Beneath this line sits some data. Return only its lines from the one holding "российского импорта к" through the one holding "El senador Luciano", inclusive, exactly, with the images removed.

*** INPUT Section Begins ***

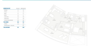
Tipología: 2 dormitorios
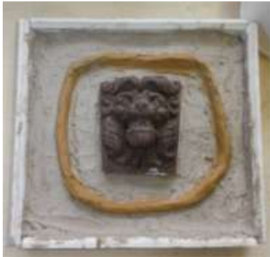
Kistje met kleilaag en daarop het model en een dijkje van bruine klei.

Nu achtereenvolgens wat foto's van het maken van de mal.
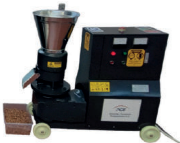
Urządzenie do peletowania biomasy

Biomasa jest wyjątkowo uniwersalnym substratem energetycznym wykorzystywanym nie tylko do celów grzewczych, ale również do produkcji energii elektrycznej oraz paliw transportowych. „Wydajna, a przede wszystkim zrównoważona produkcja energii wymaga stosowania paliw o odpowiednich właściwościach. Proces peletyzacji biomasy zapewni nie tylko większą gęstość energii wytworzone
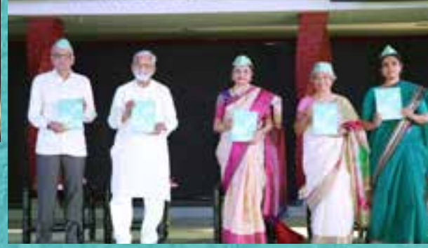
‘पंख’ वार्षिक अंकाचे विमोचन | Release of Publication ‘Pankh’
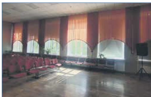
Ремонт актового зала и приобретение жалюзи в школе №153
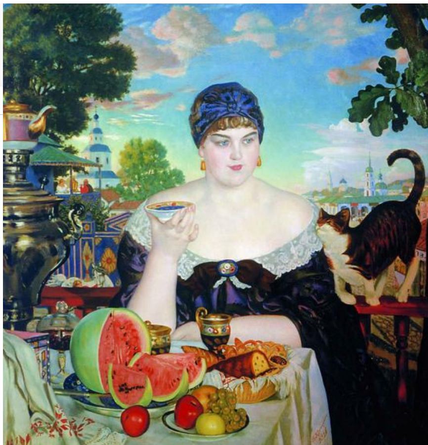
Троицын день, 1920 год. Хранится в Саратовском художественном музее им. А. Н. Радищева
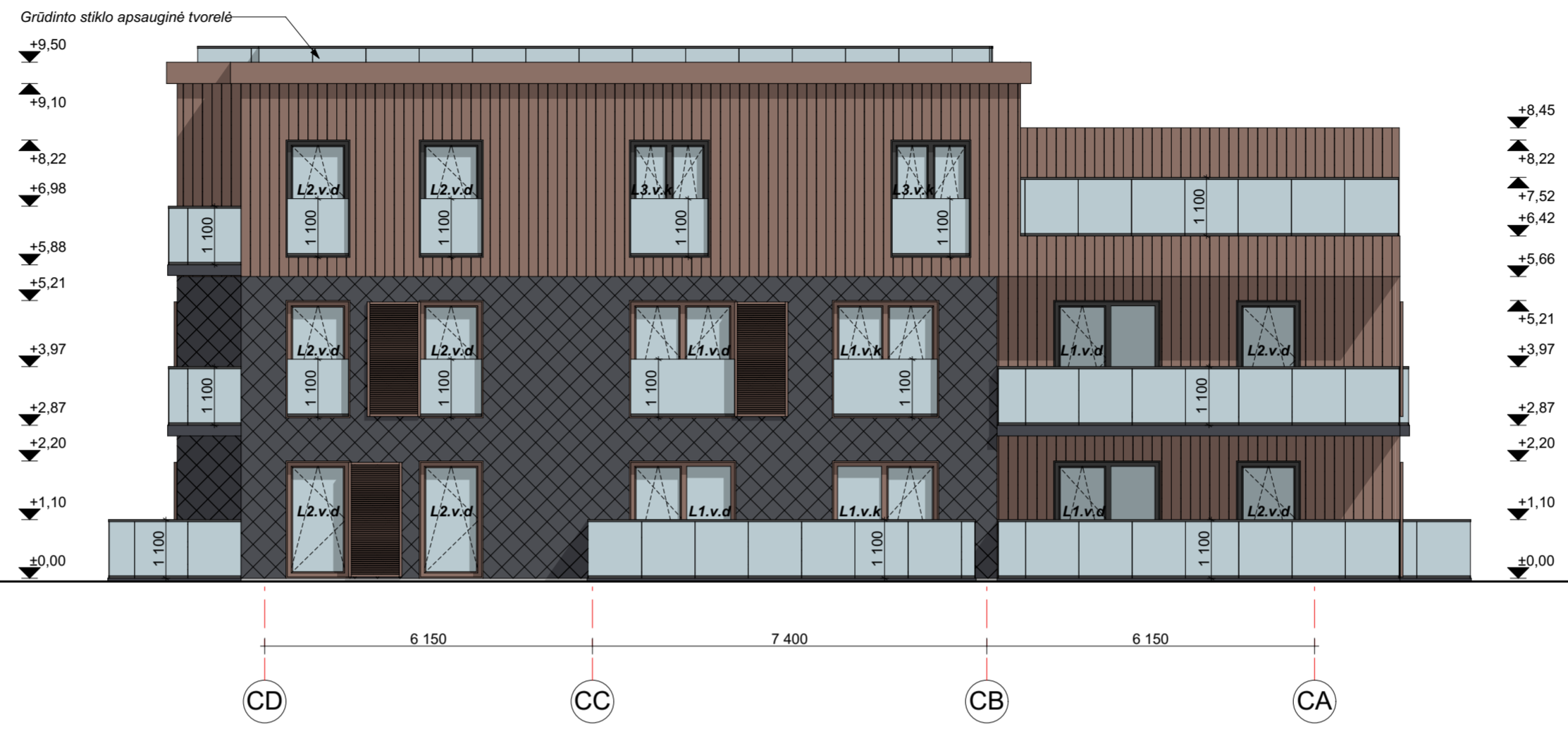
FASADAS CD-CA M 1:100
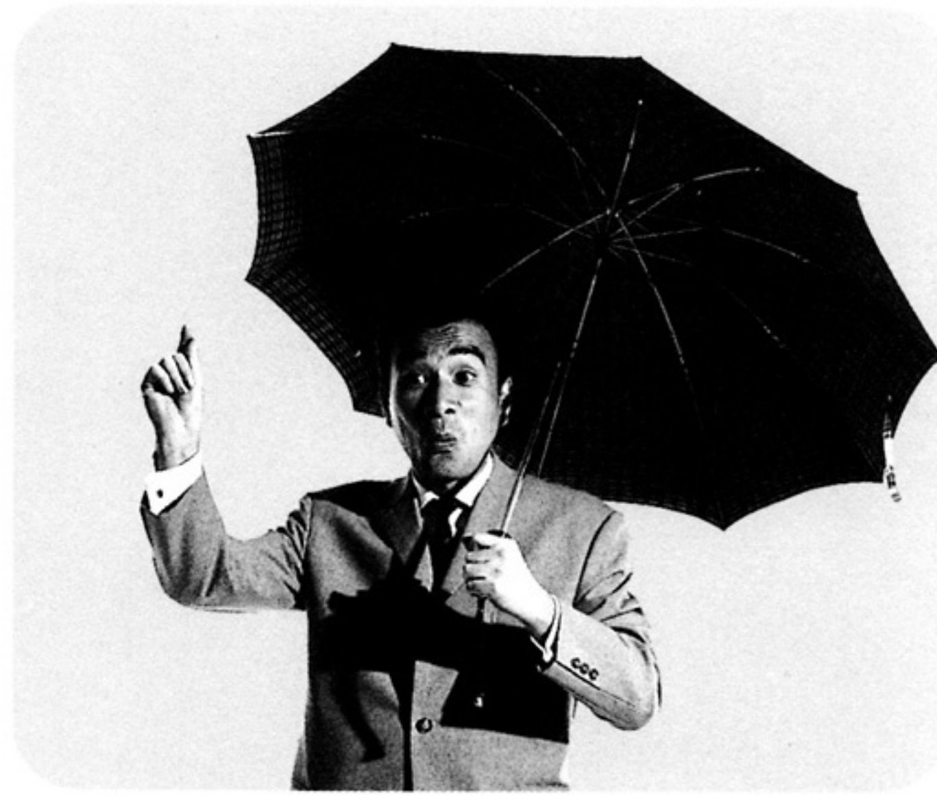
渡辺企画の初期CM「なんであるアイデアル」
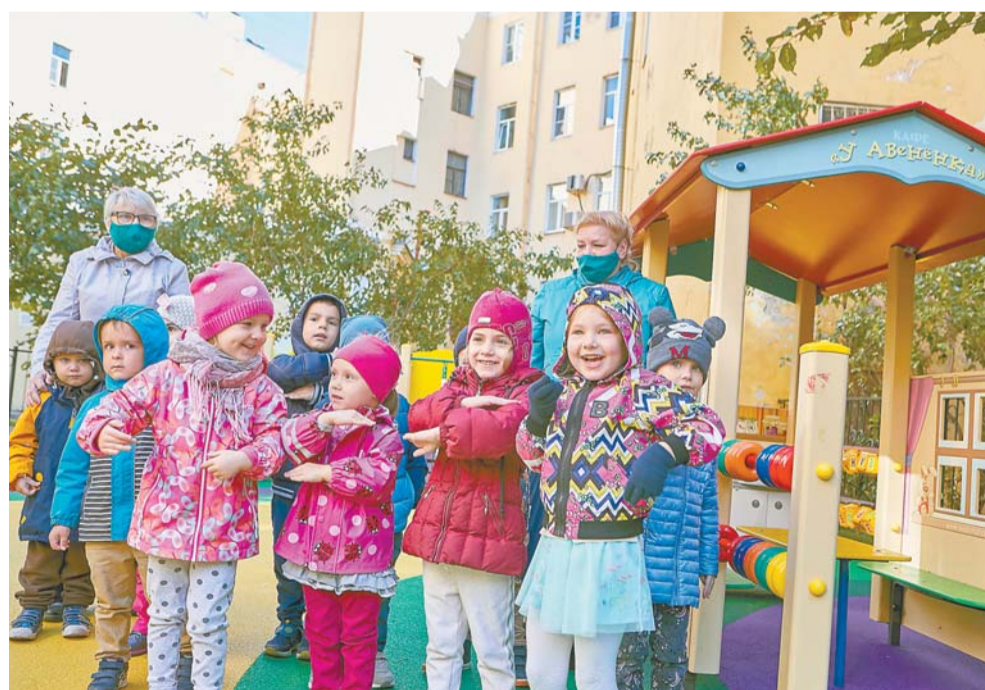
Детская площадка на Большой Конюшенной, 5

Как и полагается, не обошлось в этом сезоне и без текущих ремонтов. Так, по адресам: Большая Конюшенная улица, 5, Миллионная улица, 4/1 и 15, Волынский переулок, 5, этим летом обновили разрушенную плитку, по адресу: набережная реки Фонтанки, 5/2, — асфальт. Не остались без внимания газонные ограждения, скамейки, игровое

*** INPUT Section Ends ***
*** INPUT Section Begins ***

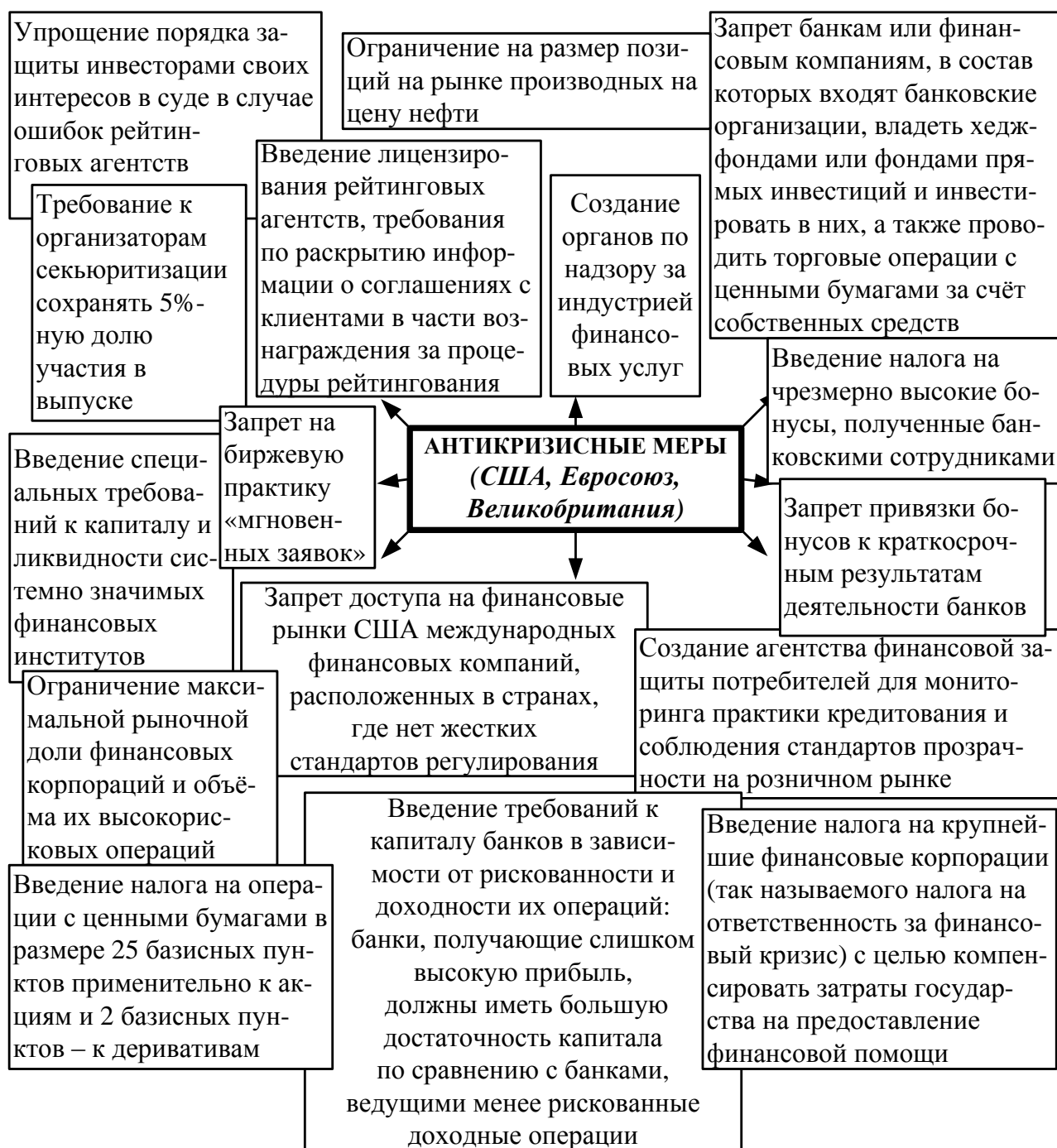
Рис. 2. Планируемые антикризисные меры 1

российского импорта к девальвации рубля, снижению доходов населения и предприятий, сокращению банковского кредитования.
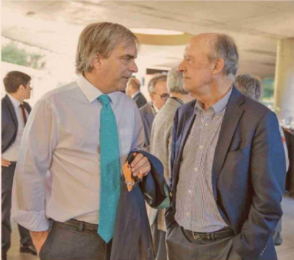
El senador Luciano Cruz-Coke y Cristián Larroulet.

*** INPUT Section Ends ***
*** INPUT Section Begins ***

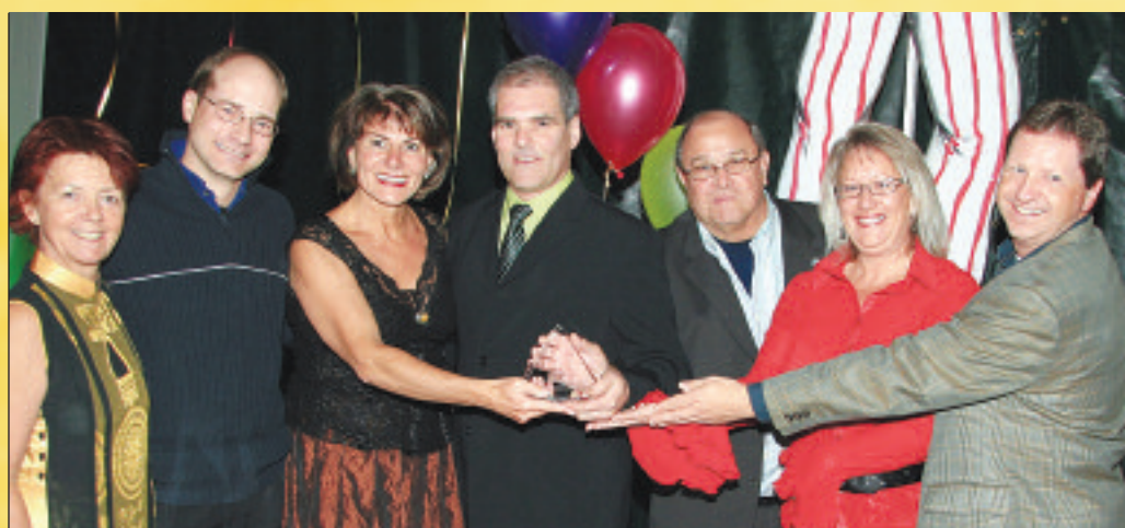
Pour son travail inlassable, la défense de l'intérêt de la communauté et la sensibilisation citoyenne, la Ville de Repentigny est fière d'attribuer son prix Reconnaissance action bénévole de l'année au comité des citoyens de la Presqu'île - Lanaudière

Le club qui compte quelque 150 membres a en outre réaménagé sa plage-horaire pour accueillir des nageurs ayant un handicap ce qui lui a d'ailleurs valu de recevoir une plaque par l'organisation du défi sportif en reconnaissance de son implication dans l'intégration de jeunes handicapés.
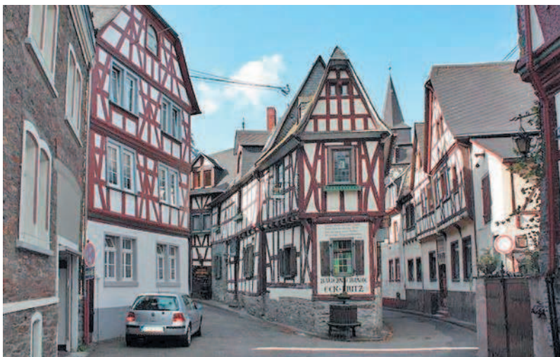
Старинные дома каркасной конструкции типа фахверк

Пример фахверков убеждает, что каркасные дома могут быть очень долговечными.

*** INPUT Section Ends ***

EXERCISE OUTPUT:
российского импорта к девальвации рубля, снижению доходов населения и предприятий, сокращению банковского кредитования.
El senador Luciano Cruz-Coke y Cristián Larroulet.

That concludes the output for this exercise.